**Problem description**
Everything from the line with "These White Queso" to the line with "黑色背带低V连衣裙让梁咏琪看" in the listing below, both lines included, needs to be copied exactly, apart from the pictures.

**Exercise material**
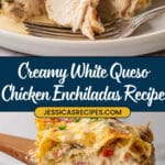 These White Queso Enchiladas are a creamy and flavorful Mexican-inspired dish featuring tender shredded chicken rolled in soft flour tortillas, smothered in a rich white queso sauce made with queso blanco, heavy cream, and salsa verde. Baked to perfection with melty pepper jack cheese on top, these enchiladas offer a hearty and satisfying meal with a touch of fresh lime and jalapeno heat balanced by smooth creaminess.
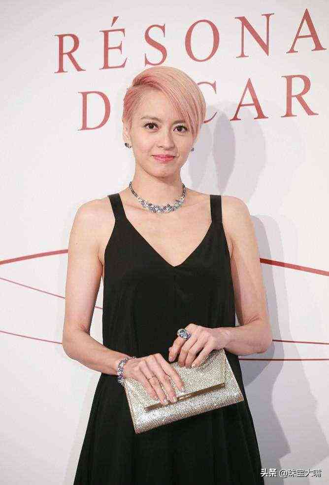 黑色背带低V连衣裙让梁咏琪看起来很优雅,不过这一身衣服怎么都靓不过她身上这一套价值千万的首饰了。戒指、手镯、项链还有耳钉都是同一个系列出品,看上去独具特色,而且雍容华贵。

==

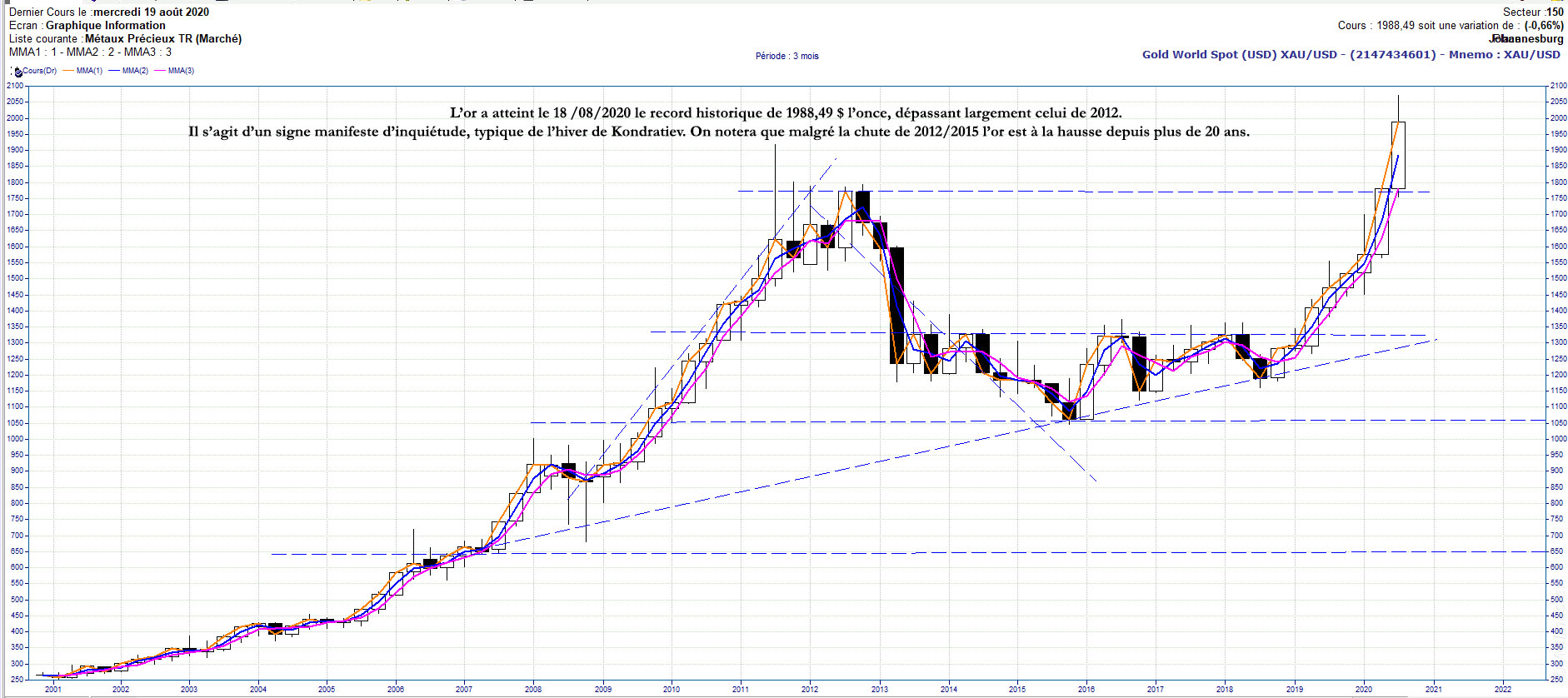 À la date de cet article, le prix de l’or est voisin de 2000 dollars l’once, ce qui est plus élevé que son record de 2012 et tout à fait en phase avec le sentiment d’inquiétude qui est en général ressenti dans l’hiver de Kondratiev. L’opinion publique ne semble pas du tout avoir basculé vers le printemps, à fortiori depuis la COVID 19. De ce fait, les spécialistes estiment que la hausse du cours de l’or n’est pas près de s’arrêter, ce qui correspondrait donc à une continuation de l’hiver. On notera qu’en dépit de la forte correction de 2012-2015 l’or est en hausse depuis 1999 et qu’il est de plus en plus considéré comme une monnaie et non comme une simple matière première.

**Result of the task**
 These White Queso Enchiladas are a creamy and flavorful Mexican-inspired dish featuring tender shredded chicken rolled in soft flour tortillas, smothered in a rich white queso sauce made with queso blanco, heavy cream, and salsa verde. Baked to perfection with melty pepper jack cheese on top, these enchiladas offer a hearty and satisfying meal with a touch of fresh lime and jalapeno heat balanced by smooth creaminess.
 黑色背带低V连衣裙让梁咏琪看起来很优雅,不过这一身衣服怎么都靓不过她身上这一套价值千万的首饰了。戒指、手镯、项链还有耳钉都是同一个系列出品,看上去独具特色,而且雍容华贵。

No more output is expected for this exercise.